I see the single parents that are, despite working a full-time job in the civil service, forced to apply for Universal Credit in order to feed, clothe and house their family. There are single adults who would love to move out of their parents’ loft except… they can’t afford rent. They are not accepted due to their income, specifically on rental applications. There are many people I know who cannot afford to get into the office the last week or so before payday. They can’t afford public transport, or petrol, or parking.
One name, a fellow who is over 6 feet tall and burly, plays footie on weekends with buddies. He spent a good ten minutes in our union office, trying to not show tears and telling me he can’t take it any longer. He’s going to break and he can’t because his mother is sick and at home, and he’s her carer.
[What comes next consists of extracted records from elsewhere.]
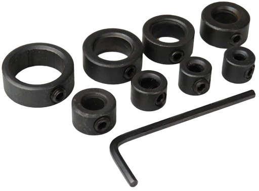 ✅W komplecie znajduje się 8 ograniczników przeznaczonych do wierteł 3, 4, 5, 6, 8, 10, 12 i 16 mm oraz kluczyk do dokręcania śrubki blokującej.
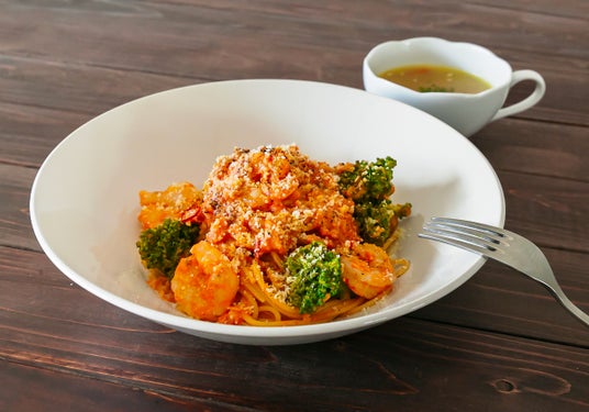 エビとブロッコリーをトマトクリームソースで仕上げたクリーミーな冬のパスタ。まろやかなコクのトマトクリームソースは、濃厚で贅沢な味わいです。
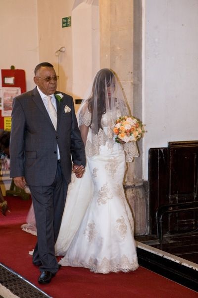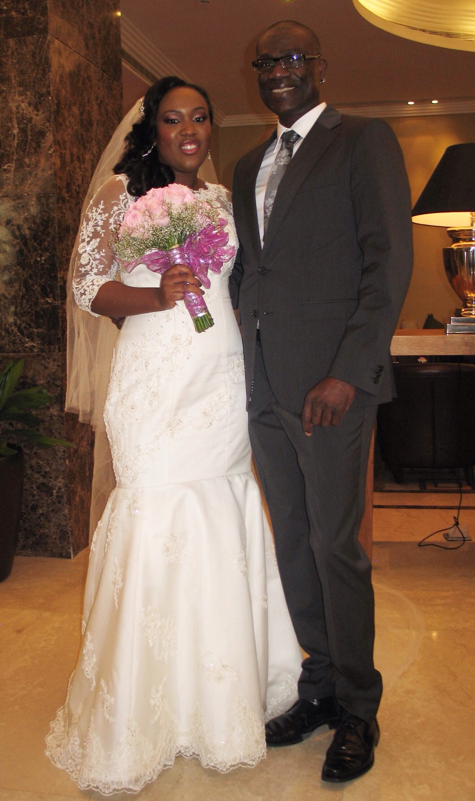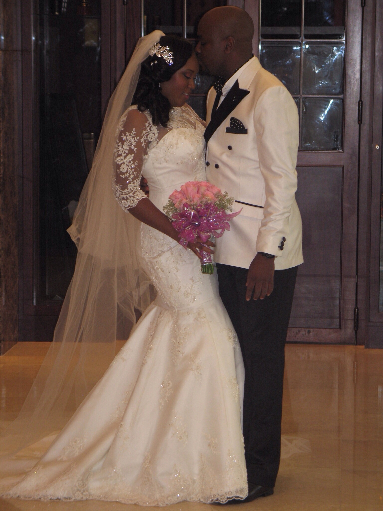 Funmilayo wore a couture fishtail gown. It had a removable chemise with 3/4 length sleeves which she removed for the informal part of the wedding reception.

I see all the people I could not make the work environment safer for, more caring, and my heart just aches.
These are your civil servants helping thousands of pensioners a week, with a call volume of anywhere from 4,000 to 7,000. Some RSD employees handle 120-150 calls per day. Their voices are raw at the end of a shift. They croak, not speak.
Backlog
They took enough Pension Credit applications at the end of last year to cause a backlog in actually processing those applications to 62 working days. That’s due to the shocking Labour policy to cancel universal winter fuel allowance. Pensioners would need to qualify to receive it by having an active Pension Credit benefit. Labour just up and announced it, despite not having enough staff employed to handle the influx of calls that was almost immediate. The phone lines became so busy that a pensioner, wanting to ensure they could pay their bills, could spend four hours on hold, only to find themselves abruptly disconnected, and having to start again the next day. Is this how pensioners deserve to be treated? Is this how tax-paying, minimum wage civil servants deserve to be treated?
This is what those stats sheets do not tell you. They don’t tell you how many pensioners couldn’t get through to make a Pension Credit application before this winter’s 21 December cut-off. These are people who cannot heat their home, cannot turn on their cooker to make hot food, and probably have little in the larder.
These are the many people who try to get to the grocery store that offers pensioners a hot meal for £1 and then sit there longer for the warmth. People get substantially less than working minimum wage from their pension.
Those are the people my colleagues and members speak with every day. They take calls from people asking for their pension to be double-checked because they get so little.
I’m not a government finance expert, but if a normal worker like myself can see that this policy would cause some of the most vulnerable people in society and some of the lowest-paid workers in the civil service such immense stress and chaos, surely our esteemed elected officials would have known this too.
The Starmer government is failing in its duty of care to pensioners and staff alike. There is no excuse for the continuation and expansion of Tory policies and plans that betray pensioners, working-class and disabled people.
Socialists need to be more active now than ever, reaching out to those they see in distress, in need and bringing some bit of hope that things can change, that there is a solution. Socialist trade union reps will be stepping up their recruitment efforts and bring people into the fold of both the trade unions and the Socialist Party. We need to organise those around us and agitate for the needed socialist change.